For it is here that I shall lie,

I've given up on the battle.

Alone it is here I shall die,

Go to mother and tattle.

 

I have done nothing to this point,

trying so hard to be normal.

This last time I'll roll a joint,

curling into position, fetal.

 

It was over before it begun,

never even had a chance.

Not since 'aught one.

Now, out in a trance.

Posted

*hugs*

 

Go to mother and tattle.

even though the tone of this is very dark for some reason this line made me smile.

 

the only other bit that stuck out at me was the line

 

"curling into position, fetal." it is very different from the rest of the poem . Maybe I have missed something .

 

*big hugs* keep writing

 

 

Wren

Posted

Hmm,

 

I'm not sure what to make of the tone of this poem.
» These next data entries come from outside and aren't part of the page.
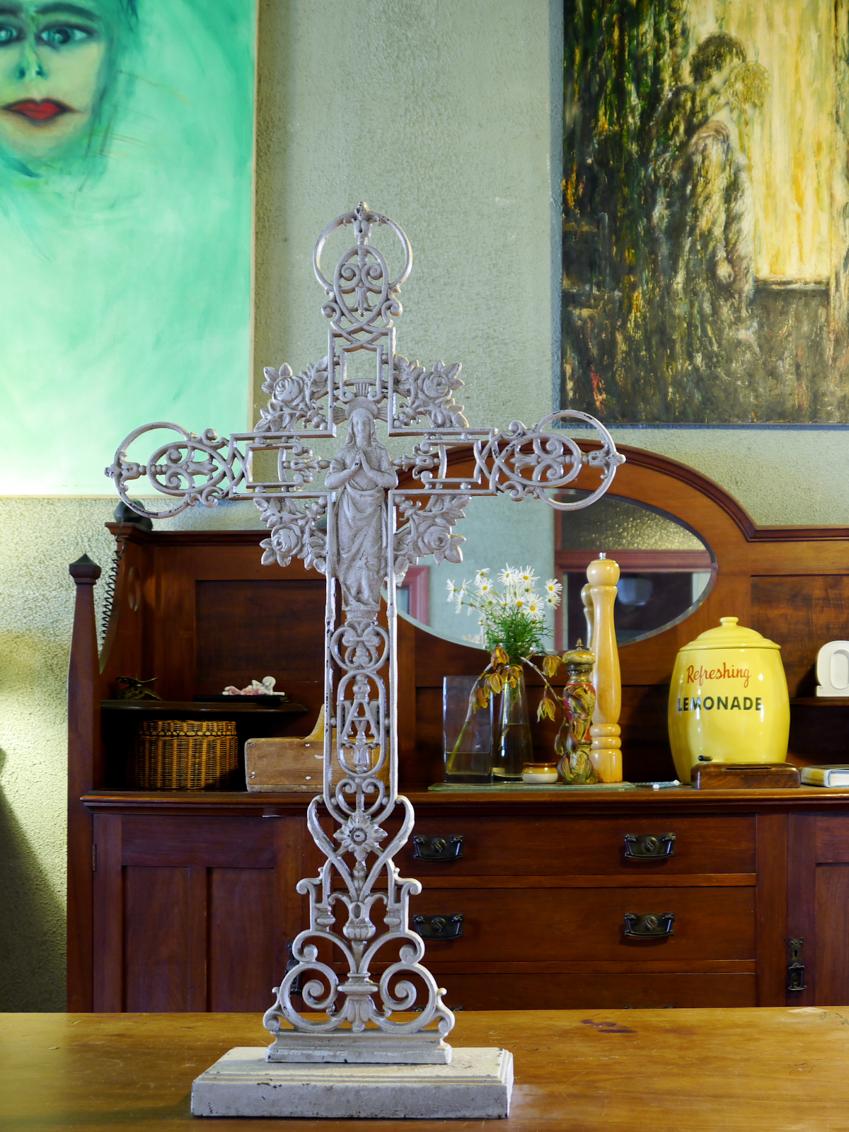 The crucifix, thought to be from Brazil, came from ‘The Factory Antiques’ in Dromana. “Gale, who buys and sells the antiques and collectables has an amazing eye.”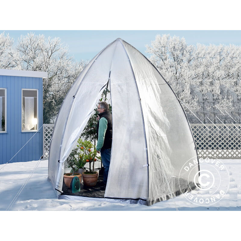 Prodotto: Larghezza: 3,40 m. Lunghezza: 3,40 m. Altezza: 2,80 m. Materiali: PE Telaio: Acciaio Colore: Trasparente UV: UV-resistente Impermeabile: 100% Impermeabile Peso: 21,5 kg.: C Protegge le tue preziose piante durante l´inverno Aiuta le piante ad acclimatarsi al freddo Funziona come una serra normale per il resto dell´anno Copertura del terreno coibentata e rimovibile con zip PE resistente ai raggi UV Perfetta trasmissione della luce Apertura per la ventilazione Zip robusta per un facile accesso Montaggio semplice e veloce Due entrate assicurano un facile accesso Borsa per il trasporto inclusa Può diventare una sfida proteggere nel modo migliore le tue piante in giardino durante l´inverno. Anche se hai spazio all´interno, le piante potrebbero soffrire a causa del cambiamento di luogo e luce. Con una serra portatile di Dancover, puoi proteggere le tue piante in crescita all´interno di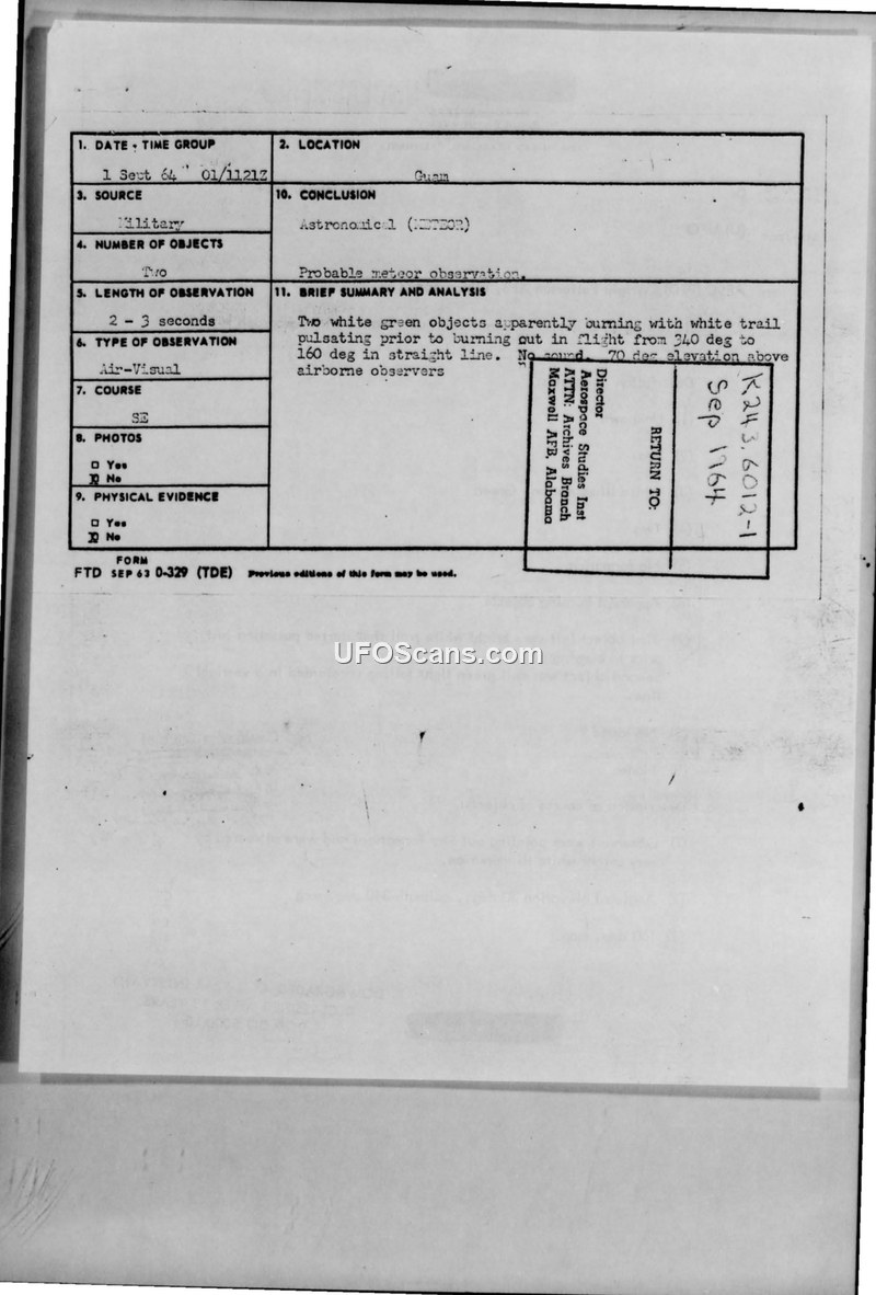 A U.S. Navy flight crew observed two unidentified burning objects over Guam on September 1, 1964. The objects, which displayed white and green light, were officially classified as unknown.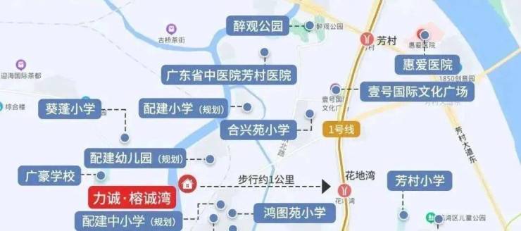 距离楼盘600米左右有个远期规划的25号线的汾水站,后续就可以一个站就到花地湾,大大减少了通行时间。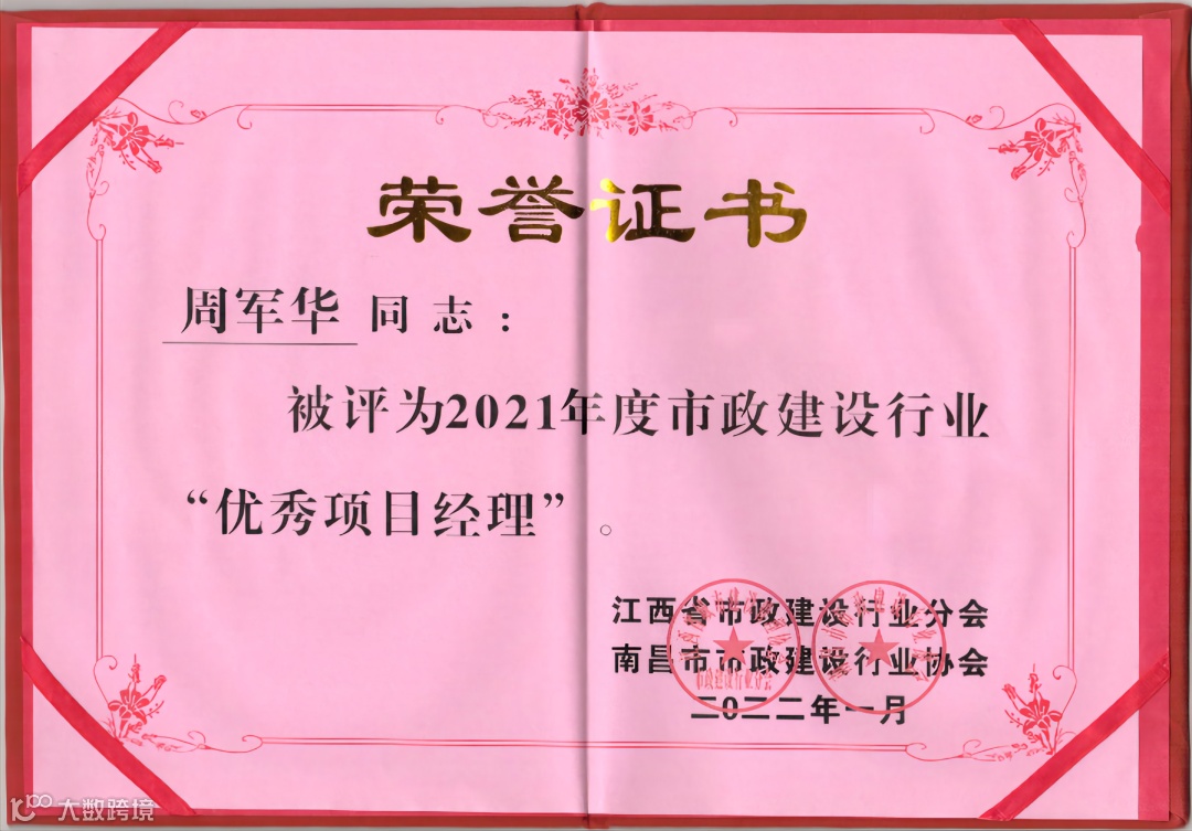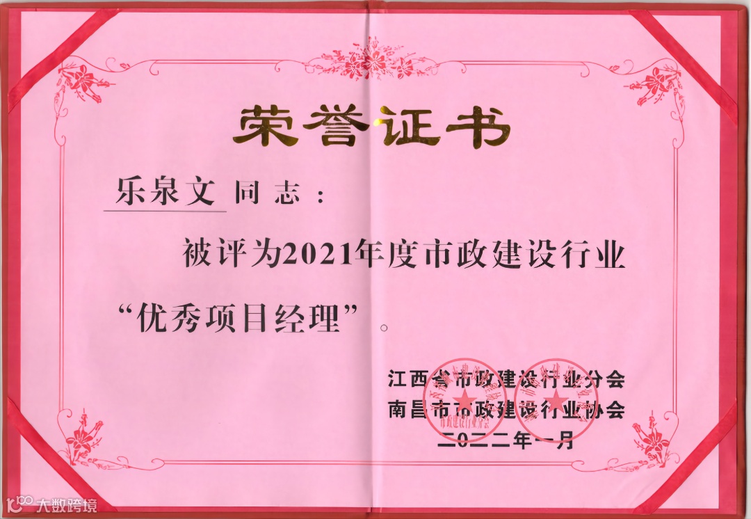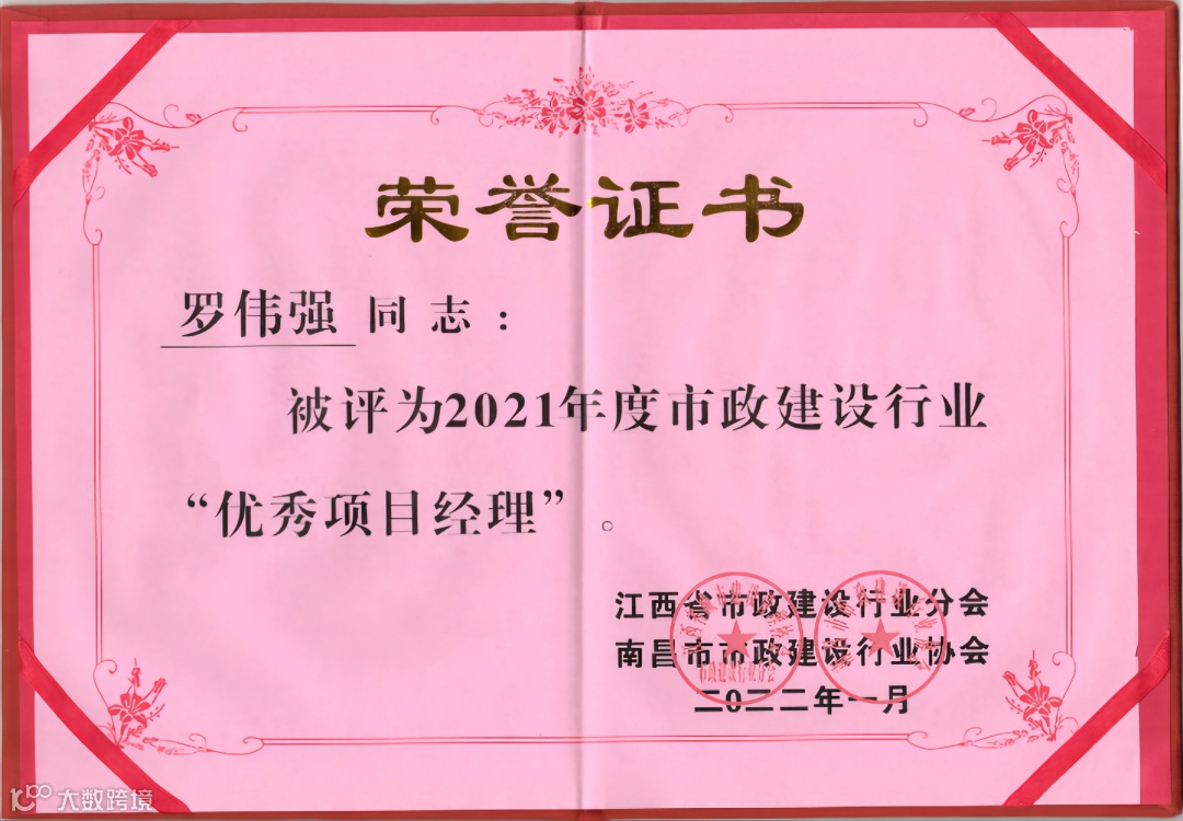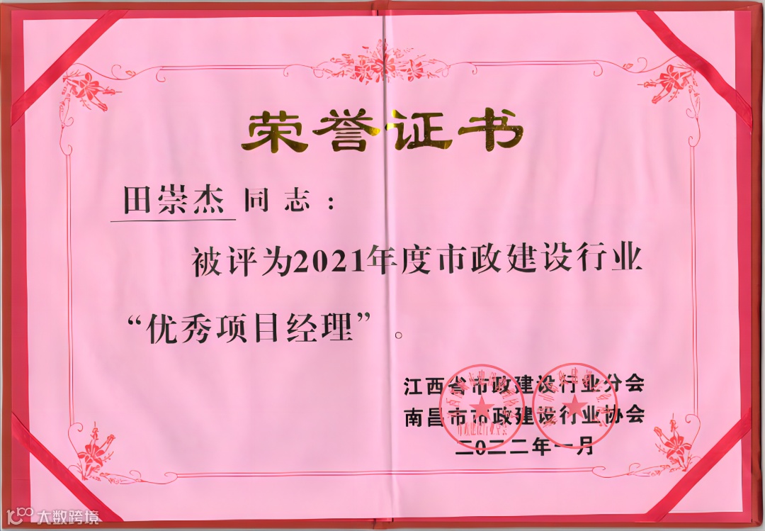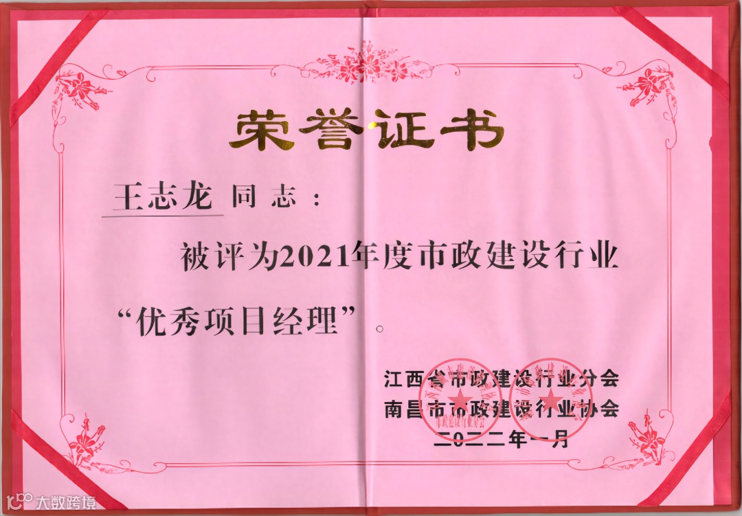 近日,公司参与江西省市政建设行业分会、南昌市市政建设行业协会开展的2021年度市政行业先进单位和市政建设行业优秀项目经理的评选工作中,我公司荣获了“2021年度市政建设行业先进单位”荣誉,公司骨干管理人员中9人获评为“2021年度市政建设行业优秀项目经理”。

Sometimes it feels very sad, sometimes very angry, sometimes just hopeless. Neatly done in a short poem. Not even sure I understood it all I'm afraid. Good nonethless, as what I didn't quite catch exactly, the mood made up for.

 

- Justin

Posted

Erm, to elaborate a bit.. A lot of the reason I write poetry is to get the emotions on paper. And I'm sure people understand that. But a lot of it is like, okay, if it's on paper, there isn't anything else to muddy with the emotions, so that I can look at it from a clear perspective. With my new job, I just wanted to get out of the desperation I've been dealing with, and writing this quickly just helped.

 

Wren, about that line... Honestly, I was using an online rhyming thing to help me out, and that was one of the words that fit. So I found a way to use it. As if I was saying to my "brother" go on to mom and tell her that I'm giving up. I can't remember the name of this short story I read, but it gave me a bit of inspiration. How it goes is 2 brothers go out "hunting" for I forget what, but trying to crawl through a fence, the younger brother ends up shooting the older brother, but shows no remorse for it. If I could remember the name, my explanation would make a lot more sense. But as I was writing this poem, it just kinda came to my head.. so I used it.

 

Justin, honestly, I'm not sure if I understood it all. It just came out in about 5 mins of writing. BTW, I just wanted to tell you, sorry for hitting ya, but I had to take my counter. But, good to see you around nonetheless.